▶ [Task goal]
Exact copy, pictures excluded: the lines from the one containing "Loose Peter Pan" to the end of the listing.
━━━━━━━━
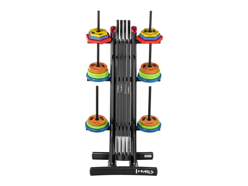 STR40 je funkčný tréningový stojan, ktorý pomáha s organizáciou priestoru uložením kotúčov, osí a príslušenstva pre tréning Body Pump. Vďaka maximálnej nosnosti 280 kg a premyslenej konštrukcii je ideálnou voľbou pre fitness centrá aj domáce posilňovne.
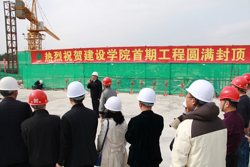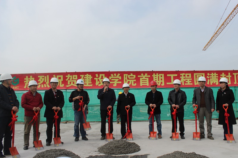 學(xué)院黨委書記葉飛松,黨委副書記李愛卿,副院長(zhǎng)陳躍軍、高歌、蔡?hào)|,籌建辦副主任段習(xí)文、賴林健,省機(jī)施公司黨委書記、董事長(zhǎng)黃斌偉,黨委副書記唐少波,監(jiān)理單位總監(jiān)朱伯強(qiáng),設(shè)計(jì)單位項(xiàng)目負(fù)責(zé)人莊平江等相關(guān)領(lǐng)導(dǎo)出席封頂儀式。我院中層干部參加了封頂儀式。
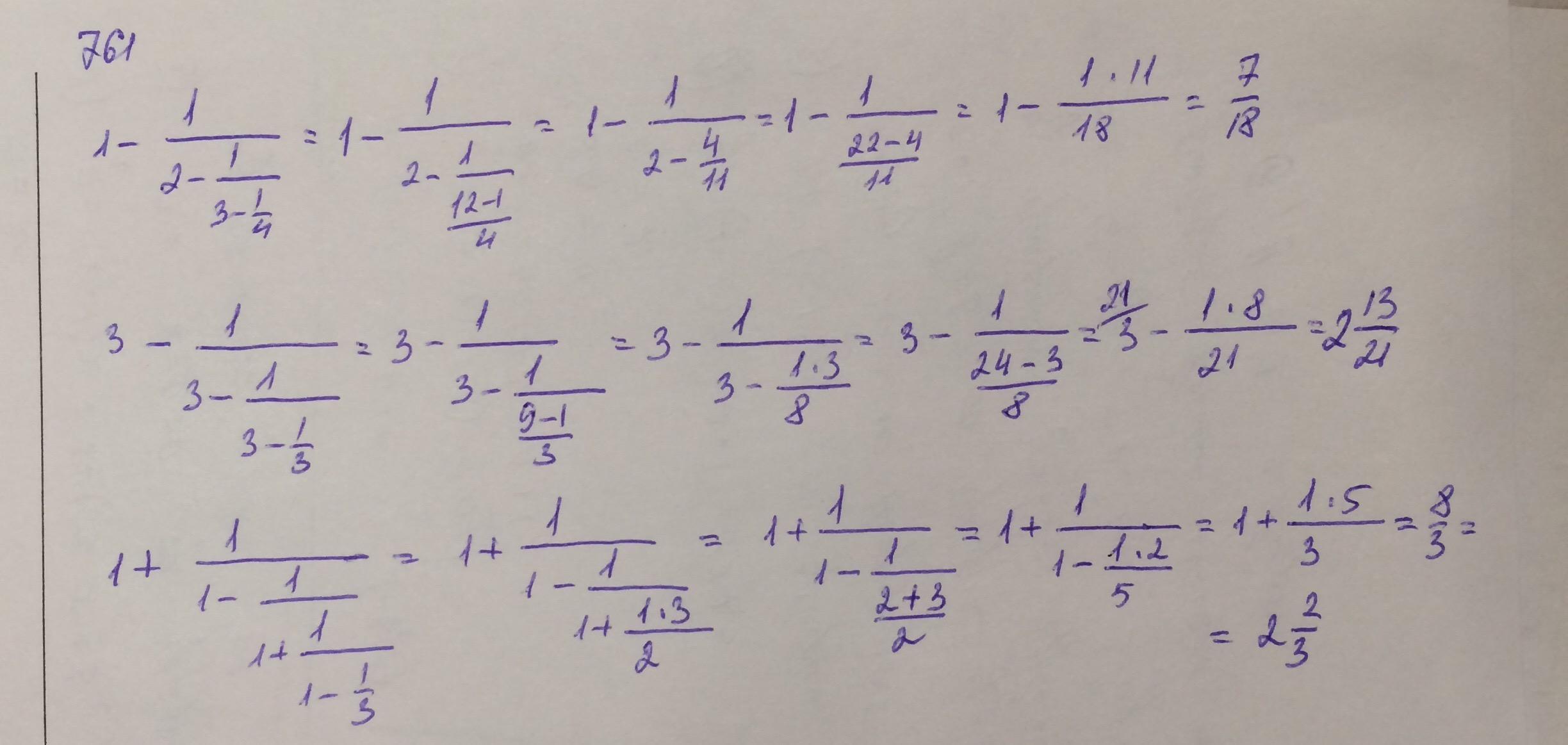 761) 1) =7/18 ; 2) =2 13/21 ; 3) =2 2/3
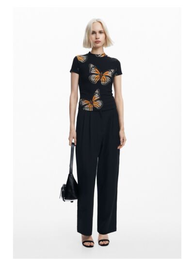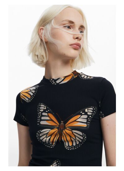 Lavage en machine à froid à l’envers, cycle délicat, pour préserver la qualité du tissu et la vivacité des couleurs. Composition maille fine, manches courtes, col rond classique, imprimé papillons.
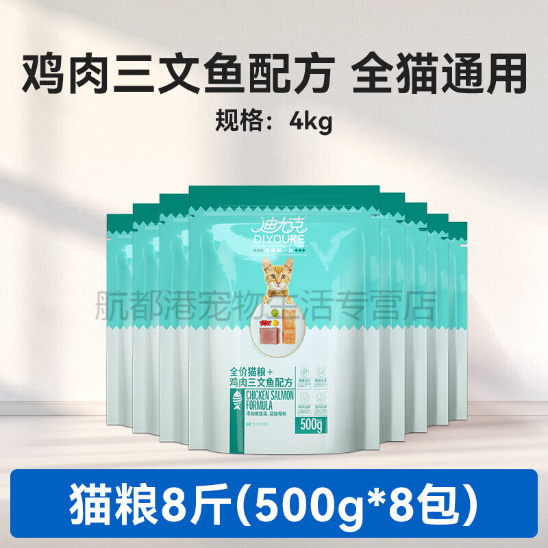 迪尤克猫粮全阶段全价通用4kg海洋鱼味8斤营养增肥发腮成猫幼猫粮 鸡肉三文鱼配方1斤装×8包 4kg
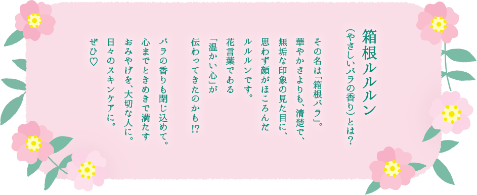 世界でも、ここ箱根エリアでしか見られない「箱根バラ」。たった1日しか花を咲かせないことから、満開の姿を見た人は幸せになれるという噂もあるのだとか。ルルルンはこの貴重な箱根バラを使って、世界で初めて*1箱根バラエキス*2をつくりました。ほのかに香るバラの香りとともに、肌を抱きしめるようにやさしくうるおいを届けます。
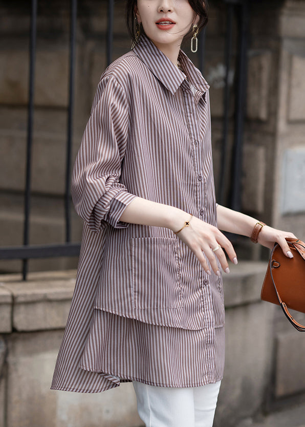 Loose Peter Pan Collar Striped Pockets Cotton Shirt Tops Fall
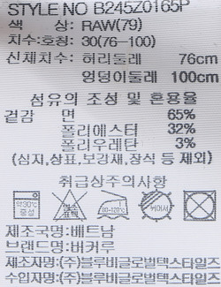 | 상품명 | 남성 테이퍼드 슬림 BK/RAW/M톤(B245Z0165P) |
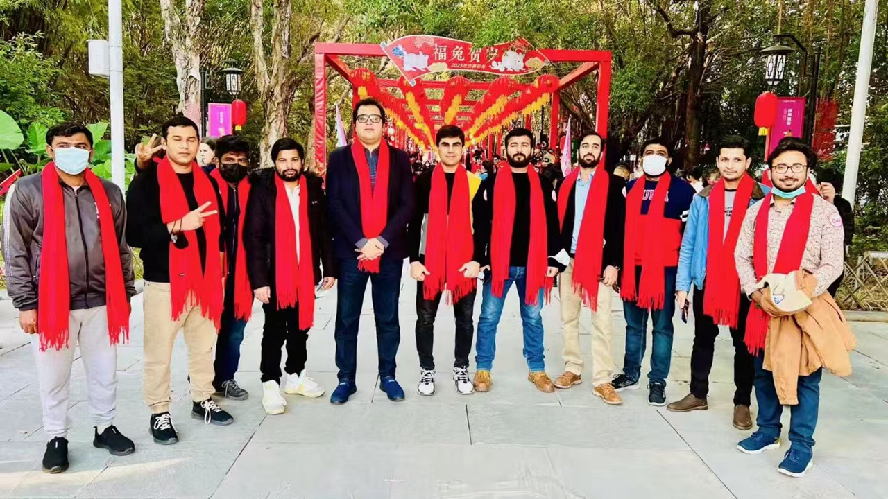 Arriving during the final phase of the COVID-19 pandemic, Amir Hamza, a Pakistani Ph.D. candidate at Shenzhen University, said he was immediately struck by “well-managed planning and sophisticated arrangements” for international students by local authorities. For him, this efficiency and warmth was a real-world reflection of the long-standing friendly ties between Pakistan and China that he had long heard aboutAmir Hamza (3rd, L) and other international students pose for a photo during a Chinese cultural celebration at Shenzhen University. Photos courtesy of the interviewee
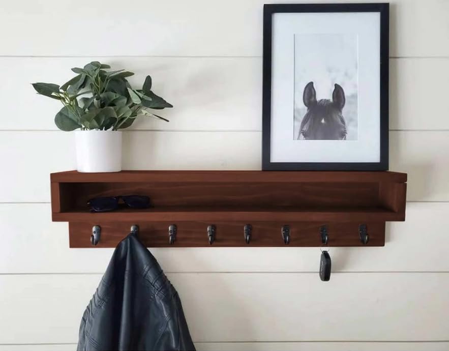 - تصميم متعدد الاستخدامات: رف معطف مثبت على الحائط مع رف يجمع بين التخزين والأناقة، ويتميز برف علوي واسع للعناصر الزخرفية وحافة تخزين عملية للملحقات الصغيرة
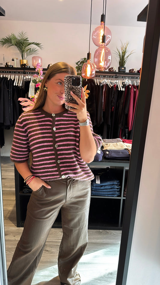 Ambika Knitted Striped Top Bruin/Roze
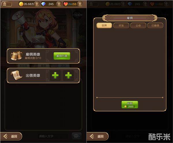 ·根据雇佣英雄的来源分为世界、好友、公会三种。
━━━━━━━━
▶ [Result]
 Loose Peter Pan Collar Striped Pockets Cotton Shirt Tops Fall
 | 상품명 | 남성 테이퍼드 슬림 BK/RAW/M톤(B245Z0165P) |
 Arriving during the final phase of the COVID-19 pandemic, Amir Hamza, a Pakistani Ph.D. candidate at Shenzhen University, said he was immediately struck by “well-managed planning and sophisticated arrangements” for international students by local authorities. For him, this efficiency and warmth was a real-world reflection of the long-standing friendly ties between Pakistan and China that he had long heard aboutAmir Hamza (3rd, L) and other international students pose for a photo during a Chinese cultural celebration at Shenzhen University. Photos courtesy of the interviewee
 - تصميم متعدد الاستخدامات: رف معطف مثبت على الحائط مع رف يجمع بين التخزين والأناقة، ويتميز برف علوي واسع للعناصر الزخرفية وحافة تخزين عملية للملحقات الصغيرة
 Ambika Knitted Striped Top Bruin/Roze
 ·根据雇佣英雄的来源分为世界、好友、公会三种。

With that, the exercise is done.